Nothing but the lines from the one containing "Op alle basisscholen" through the last line of the records belongs in the answer, copied exactly and with the pictures left out.

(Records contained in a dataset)

------------

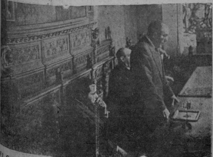
El Comisario General de Excavaciones examinando en Artá (arriba) y en Manacor (al centro) ejemplares arqueológicos sobre los que basó importantes afirmaciones en la conferencia (abajo) ada el sábado en la Diputación.

MANILA, 10 (Efe). — El ministro del Aire español, Teodoro González Gallarza, llegó felizmente a Manila, procedente de Madrid. La capital filipina le dispuso grandioso recibimiento al héroe del vuelo Madrid-Manila, efectuando hace 25 años.
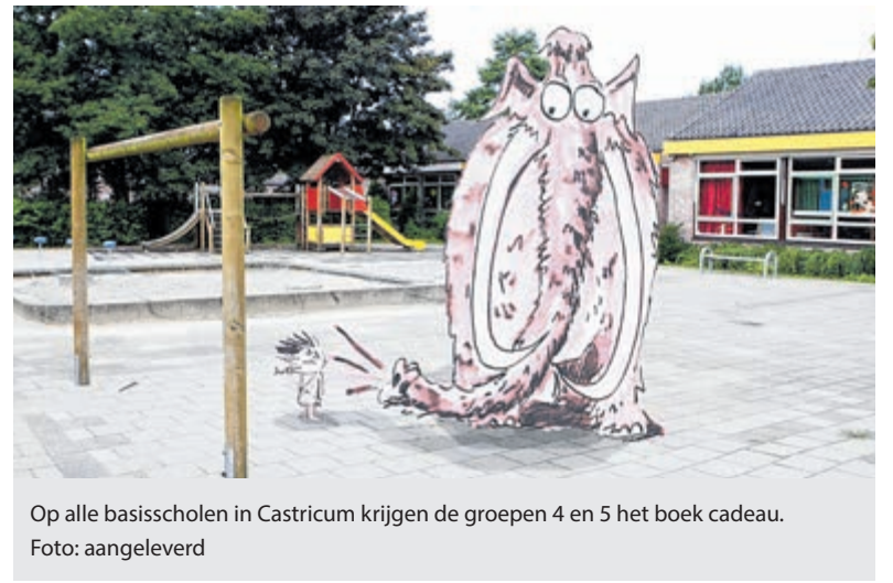
Op alle basisscholen in Castricum krijgen de groepen 4 en 5 het boek cadeau.

gitaren, mondharmonica, dwarsfluit, saxofoon en nog veel meer is het een programma om naar uit te kijken. Zondag 28 november om 15.00 uur te zien in Heiloo. Kaarten à 15 euro zijn online te koop via www.cultuurkoepelheiloo.nl en bij het VVV-kantoor op Landgoed Willibrordus.
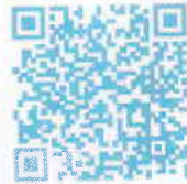
ユーザー会HP QRコード

ユーザー会HPに 登録いただきますと 講演スライドを ご覧いただけます 登録方法は 別紙参照ください
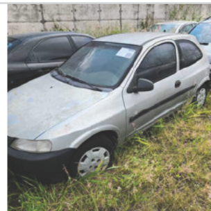
DIANTEIRA DIAGONAL ESQUERDA
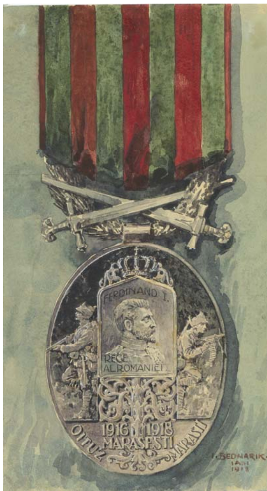
Fig. 1. Ignat Bednarik, Proiect de medalie (avers).
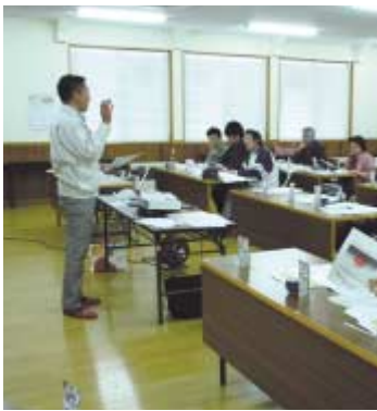
●カゴメが作成したDVDを見ながら指導会が行われた。

また、防除日誌と施肥記録、適用農薬を紹介し、使用農薬は必ず正確に防除日誌に記帳し提出することも呼び掛けました。カゴメでは、独自の評価項目を定め農薬を選定しています。
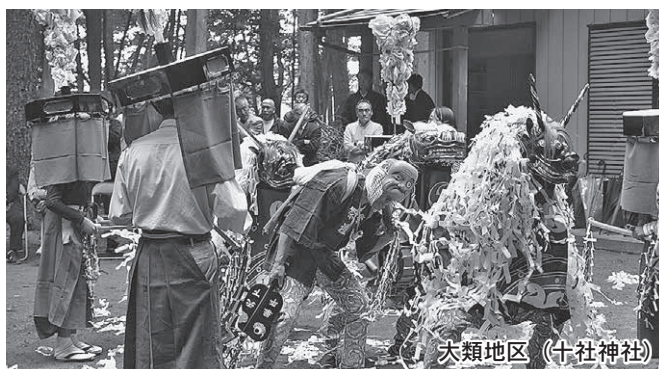
大類地区 (十社神社)
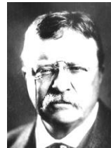
アメリカ大統領 T=ローズヴェルト

日露戦争後は、首相として外国資本の積極的な導入などロシアの近代化に努力したが、反対派によって失脚した。

------------

Written solution
Op alle basisscholen in Castricum krijgen de groepen 4 en 5 het boek cadeau.

gitaren, mondharmonica, dwarsfluit, saxofoon en nog veel meer is het een programma om naar uit te kijken. Zondag 28 november om 15.00 uur te zien in Heiloo. Kaarten à 15 euro zijn online te koop via www.cultuurkoepelheiloo.nl en bij het VVV-kantoor op Landgoed Willibrordus.
ユーザー会HP QRコード

ユーザー会HPに 登録いただきますと 講演スライドを ご覧いただけます 登録方法は 別紙参照ください
DIANTEIRA DIAGONAL ESQUERDA
Fig. 1. Ignat Bednarik, Proiect de medalie (avers).
●カゴメが作成したDVDを見ながら指導会が行われた。

また、防除日誌と施肥記録、適用農薬を紹介し、使用農薬は必ず正確に防除日誌に記帳し提出することも呼び掛けました。カゴメでは、独自の評価項目を定め農薬を選定しています。
大類地区 (十社神社)
アメリカ大統領 T=ローズヴェルト

日露戦争後は、首相として外国資本の積極的な導入などロシアの近代化に努力したが、反対派によって失脚した。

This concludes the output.